What you will do –
Output nothing but the lines from the beginning of the listing below through the line containing "Стойкий солнцезащитный крем", exactly as they stand, without pictures.

Data for the task –
——————

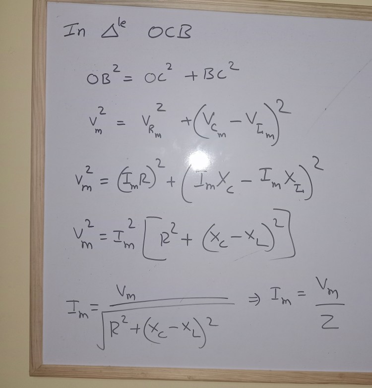 One thought on “Series LCR circuit – Derivation of expression for impedance and phase angle when alternating voltage is applied to series LCR circuit (phasor diagram solution)”
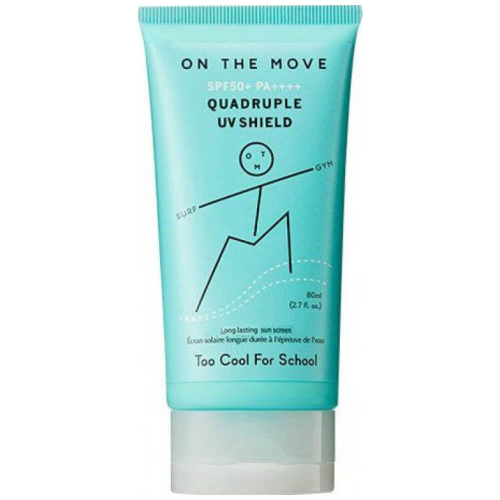Стойкий солнцезащитный крем Too Cool For SchoolOn The Move Quadruple UV Shield SPF50+ PA++++ прекрасно подойдет для любителей активного образа жизни: средство устойчиво к воздействию влаги и пота и обеспечивает надежную защиту от солнца на протяжении длительного времени. Содержит экстракты центеллы и ромашки, ниацинамид. В составе средства — химические солнцезащитные фильтры нового поколения.
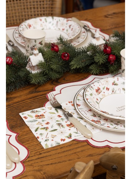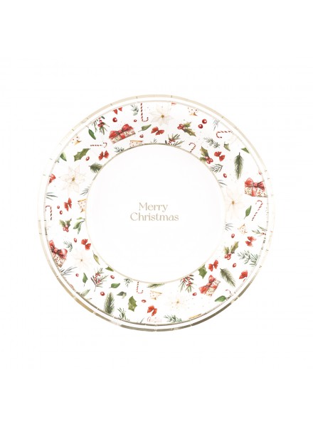 8 piatti cm 24 A little Christmas. Per rendere ancora più speciale il pranzo o la cena delle feste, una tavola natalizia apparecchiata con un coordinato decorato con pattern natalizio è la scelta perfetta. Ogni elemento – dalla tovaglia ai piatti, dai tovaglioli ai bicchieri – è pensato per richiamare l’atmosfera calda, accogliente e festosa del Natale. I motivi decorativi possono spaziare tra stelle, fiocchi rossi, rametti di abete, bastoncini di zucchero, bacche rosse e stelle di Natale, creando un’armonia visiva che celebra la tradizione con un tocco di eleganza contemporanea. Il coordinato A little Christmas permette di apparecchiare in modo semplice ma d’effetto: basta abbinare i vari pezzi tra loro per ottenere un risultato coerente e raffinato. I colori classici – rosso, verde, bianco e champagne – si fondono in un’ambientazione che sa di festa, famiglia e tradizione. Perfetta per chi desidera una tavola pronta all’uso ma curata nei dettagli, questa mise en place è l’ideale per creare un’atmosfera conviviale e scenografica, senza rinunciare allo stile. 8 piatti da dessert cm 21. Per rendere ancora più speciale il pranzo o la cena delle feste, una tavola natalizia apparecchiata con un coordinato decorato con pattern natalizio è la scelta perfetta. Ogni elemento – dalla tovaglia ai piatti, dai tovaglioli ai bicchieri – è pensato per richiamare l’atmosfera calda, accogliente e festosa del Natale. I motivi decorativi possono spaziare tra stelle, fiocchi rossi, rametti di abete, bastoncini di zucchero, bacche rosse e stelle di Natale, creando un’armonia visiva che celebra la tradizione con un tocco di eleganza contemporanea. Givi Italia si impegna verso produzioni ecologicamente sostenibili, abbiamo recepito la direttiva europea SUP, i nostri piatti non contengono plastica e possono essere smaltiti nel contenitore dell’umido.
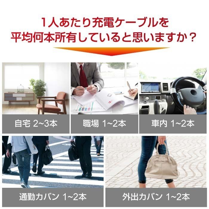職場、自宅、カバンなどを含め、一人当たり平均5-6本ケーブルを所有しています。
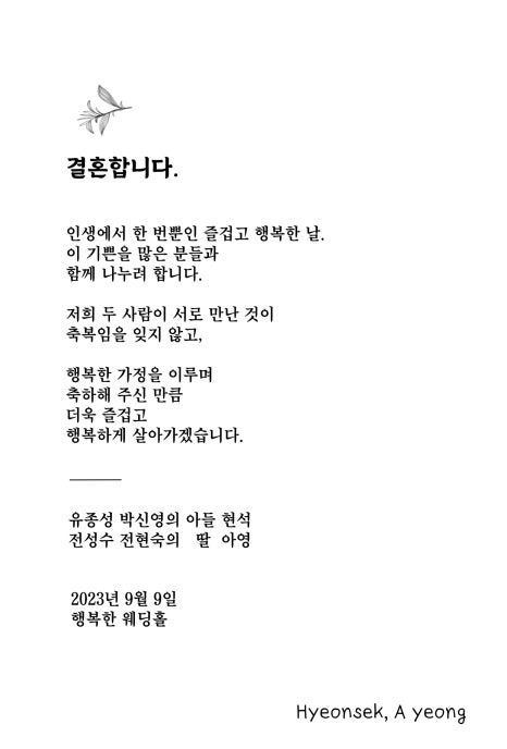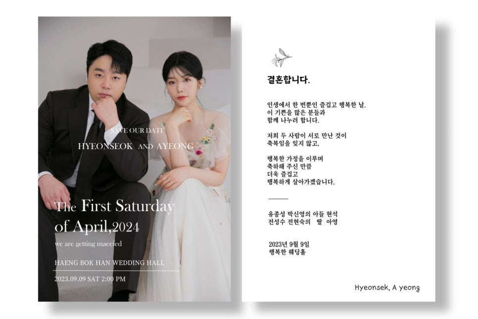 오른쪽은 제가 결혼식때 지인들께 나눠드린 셀프 청첩장입니다.
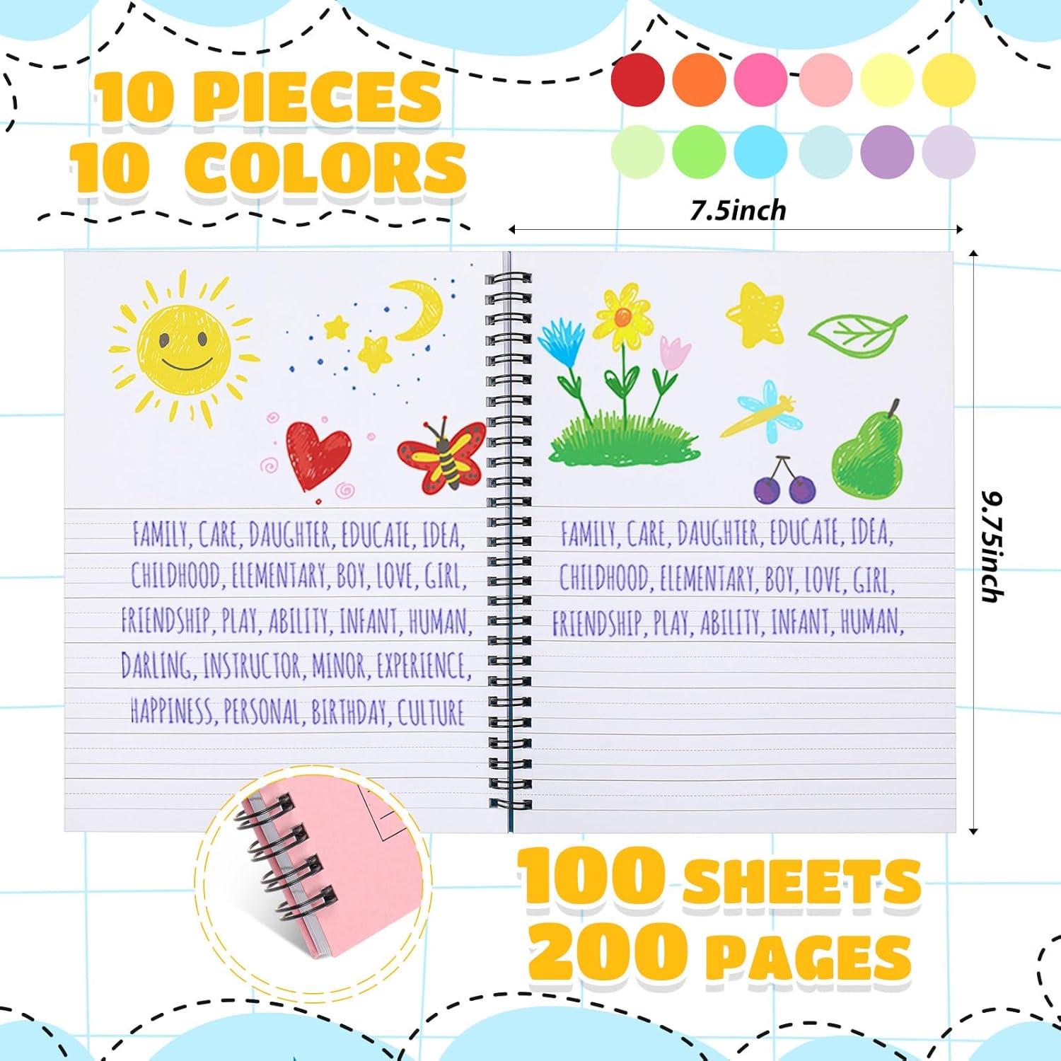Henoyso 10 Pcs 100/50 Sheets Primary Composition Notebook K-2 Bulk Spiral Primary Journal Drawing Handwriting Practice for Kids Kindergarten 1st 2nd Back to School Supplies (Stylish Color,100 Sheets)

——————

Written answer –
 One thought on “Series LCR circuit – Derivation of expression for impedance and phase angle when alternating voltage is applied to series LCR circuit (phasor diagram solution)”
Стойкий солнцезащитный крем Too Cool For SchoolOn The Move Quadruple UV Shield SPF50+ PA++++ прекрасно подойдет для любителей активного образа жизни: средство устойчиво к воздействию влаги и пота и обеспечивает надежную защиту от солнца на протяжении длительного времени. Содержит экстракты центеллы и ромашки, ниацинамид. В составе средства — химические солнцезащитные фильтры нового поколения.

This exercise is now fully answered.